The Morgridge Institute for Research and University of Wisconsin-Madison researchers are working to optimize a camera capable of a slick optical trick: Snapping pictures around corners.
The imaging project, supported by a new $4.4 million grant from the U.S. Defense Department's Advanced Research Projects Agency (DARPA), will work over four years to explore the limitations and potential applications of scattered-light technology that can recreate scenes outside human line of sight.
The technology, pioneered by Morgridge imaging specialist Andreas Velten, uses pulses of scattered light photons that bounce through a scene and are recaptured by finely tuned sensors connected to the camera. Information from this scattered light helps the researchers digitally rebuild a 3D environment that is either hidden or obstructed from view.
While in its infancy, the technology has generated excitement about potential applications in medical imaging, disaster relief, navigation, robotic surgery and even space exploration. UW-Madison is one of eight university teams receiving 2016 DARPA grants to probe different forms of non-line-of-sight imaging.
Velten, also a scientist with the UW-Madison Laboratory for Optical and Computational Instrumentation (LOCI), first demonstrated non-line-of-sight imaging in 2012 with the Massachusetts Institute of Technology. The technique was able to recreate human figures and other shapes that were positioned around corners.
He now is partnering with Mohit Gupta, UW-Madison assistant professor of computer science, to see how far they can push the quality and complexity of these pictures—a fundamental step before devices can become reality.
Questions include: Can they recapture movement? Can they determine what material an object is made of? Can they differentiate between very similar shapes? Can they push this method further to see around two, three, or more corners?
Velten and Gupta have developed a theoretical framework to determine how complex a scene they can recapture. They are creating models where they bounce light a half-dozen or more times through a space to capture objects that are either hidden or outside the field of view.
"The more times you can bounce this light within a scene, the more possible data you can collect," Velten says. "Since the first light is the strongest, and each proceeding bounce gets weaker and weaker, the sensor has to be sensitive enough to capture even a few photons of light."
Gupta brings expertise in computer vision to the project and will be developing methods to make better sense of the limited data coming back from these techniques.

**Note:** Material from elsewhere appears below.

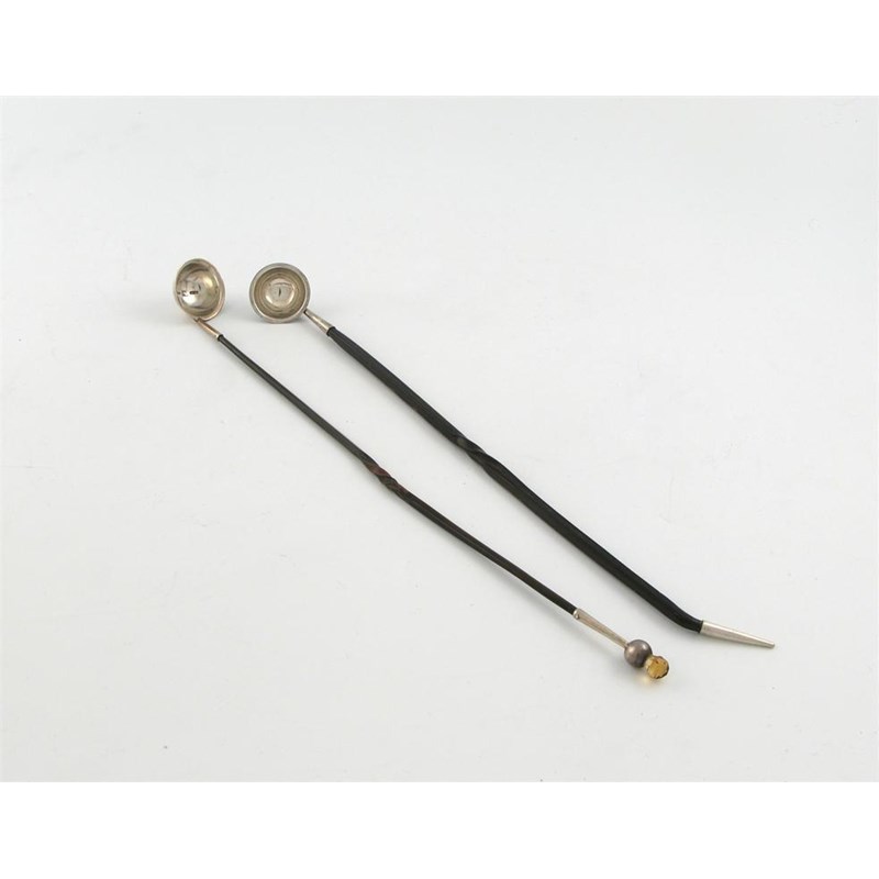 plain circular bowls, twisted whalebone handles, one with a plain terminal, the other with a glass thistle terminal. (2)
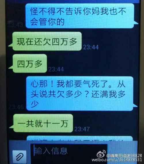 一名知情人士告诉记者,2014年11月,讷河监狱五监区犯人王东因涉嫌诈骗被齐嫩地区人民检察院收押审查。2014年以来,王东利用微信与监狱附近地区的多名女性聊天,并骗取钱财。讷河监狱一名民警给王东带进一部智能手机,供他消遣娱乐。王东利用手机微信,以王浩天(音)的名字,认识了多位监狱附近区域的女性,并与多位女性确定了情人关系。信息显示,与王东保持情人关系的女性至少有7名,其中至少有3名曾经给过王东钱。该7名情人中,至少有两人已婚。图为微信信息截图。

Gupta will work to develop algorithms that can better decode the data that helps recreate scenes.
"The information we will get is going to be noisy and the shapes will be blob-like, not much to the naked eye, so the visualization part of this will be huge," Gupta says. "Because this problem is so new, we don't even know what's possible."
The first two years of the grant will be devoted to the pushing the limitations of this technique. The second two years will focus on hardware development to make field applications possible.

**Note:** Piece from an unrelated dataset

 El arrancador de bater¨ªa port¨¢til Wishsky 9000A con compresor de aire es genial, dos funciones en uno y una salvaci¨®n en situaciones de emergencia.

Some of the possibilities are tantalizing. For example, Gupta says it could be used for safety tests of jet engines, examining performance while the engines are running. It could also be used to probe impossible-to-see spaces in shipwrecks such as the Titanic. Velten currently has a NASA project examining whether the technology can be used to probe the dimensions of moon caves.
Interestingly, the light used in this project would be pretty useless for standard photography. Regular cameras rely on the opening burst of light on the subject, while this project focuses on the indirect light that comes later and scatters and bounces through the scene.
"We are interested in capturing exactly what a conventional camera doesn't capture," he says.